Oberlandesgericht Köln:
Beschluss vom 20. Januar 2006
Aktenzeichen: 2 Wx 44/05

(OLG Köln: Beschluss v. 20.01.2006, Az.: 2 Wx 44/05)

Tenor

Die sofortige weitere Beschwerde des Beteiligten vom 30. November 2005 gegen den Beschluss der 3. Zivilkammer des Landgerichts Aachen vom 15. November 2005 - 3 T 371/05 - wird zurückgewiesen.

Gründe

I.

Auf der Mitgliederversammlung vom 8. Oktober 2004 beschloss der Beteiligte (im folgenden: der Verein) unter Tagesordnungspunkt 10, den Vereinsnamen von "N-Vereinigung" in "N-Vereinigung Deutschland e. V. - Sitz B" zu ändern, damit deutlich werde, dass der Verein ganz Deutschland vertrete und nicht nur den Raum B. Unter dem 9. März 2005 reichte Notar Dr. T bei dem Amtsgericht das Protokoll der Mitgliederversammlung nebst beglaubigten Anträgen des Vorstandes auf Eintragung der Satzungsänderung betreffend den neuen Vereinsnamen ein. Ergänzend wies der Verein durch Schreiben vom 16. Juni 2005 darauf hin, er sei bundesweit tätig, mit einem Schwerpunkt auch in Ostdeutschland. Im Zentrum seiner Tätigkeiten stehe die Ausbildung von Lehrern und Erziehern in der N-Pädagogik. Er habe bundesweit ca. 1200 Mitglieder, davon ca. 160 Dozenten nebst 65 Assistenten. Ein weiterer Tätigkeitsschwerpunkt sei die Verbreitung der N-Pädagogik durch wissenschaftliche Veröffentlichungen und Tagungen. Derzeit gebe es zwei weitere bundesweit auf demselben Sachgebiet tätige Vereine, nämlich die "Deutsche N-Gesellschaft e. V." und die "Deutsche heilpädagogische Vereinigung e. V.". Zusammen mit dem beteiligten Verein und einigen Landesverbänden bildeten diese beiden den "N-Dachverband-Deutschland".

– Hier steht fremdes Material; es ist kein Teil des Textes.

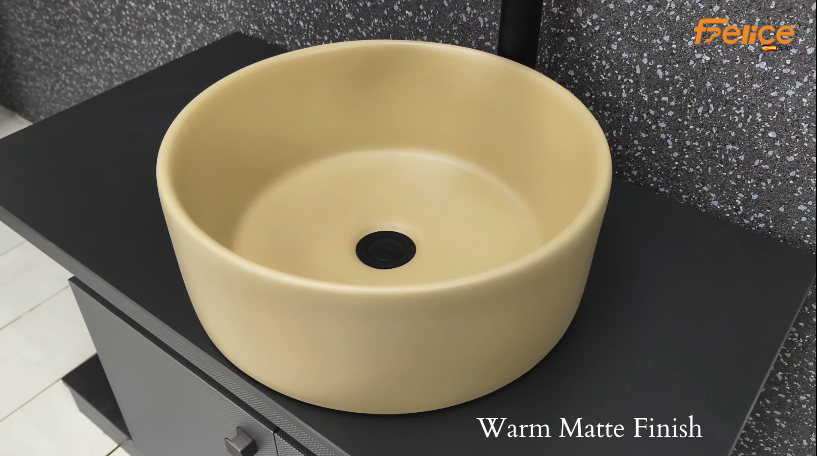 The warm matte finish offers a tactile, soothing experience. Unlike glossy textures, this surface feels grounded and natural. It doesn’t just look beautiful—it invites you to slow down, breathe, and enjoy each moment at the sink. It’s easy to maintain and designed for lasting comfort and beauty.

Durch Beschluss vom 6. September 2005 hat der Rechtspfleger des Amtsgerichts (Registergerichts) den Eintragungsantrag zurückgewiesen. Der beabsichtigte Name sei zur Täuschung geeignet, weil er der Allgemeinheit den Eindruck vermittele, der Verein sei ein Dachverband von N-Vereinen in Deutschland. Die Verwendung der auf eine allumfassende Betätigung im Rahmen der N-Bewegung hindeutende Bezeichnung "N-Vereinigung" in Verbindung mit dem Zusatz "Deutschland" ohne weiteren (einschränkenden) Zusatz hinsichtlich des Betätigungsfeldes (nicht des Betätigungsgebietes) lege eine solche Interpretation nahe. Ein Dachverband sei der Verein nach eigenem Begründen jedoch nicht. Gegen diesen Beschluss, der dem Verein nach eigenen Angaben am 13. September 2005 zugegangen ist, hat er durch Schriftsatz vom 16. September 2005, beim Landgericht eingegangen am 20. September 2005, sofortige Beschwerde eingelegt. Zur Begründung hat er geltend gemacht, von der vom Amtsgericht angenommenen Irreführung könne nicht ausgegangen werden. Er sei der einzige bundesweit tätige Verein, bei dem die auf ganz Deutschland bezogene Aufgabenstellung nicht im Namen deutlich werde, obwohl er die mit Abstand größte Organisation sei. Mit dem Zusatz "Deutschland" werde die bundesweite Tätigkeit verdeutlicht.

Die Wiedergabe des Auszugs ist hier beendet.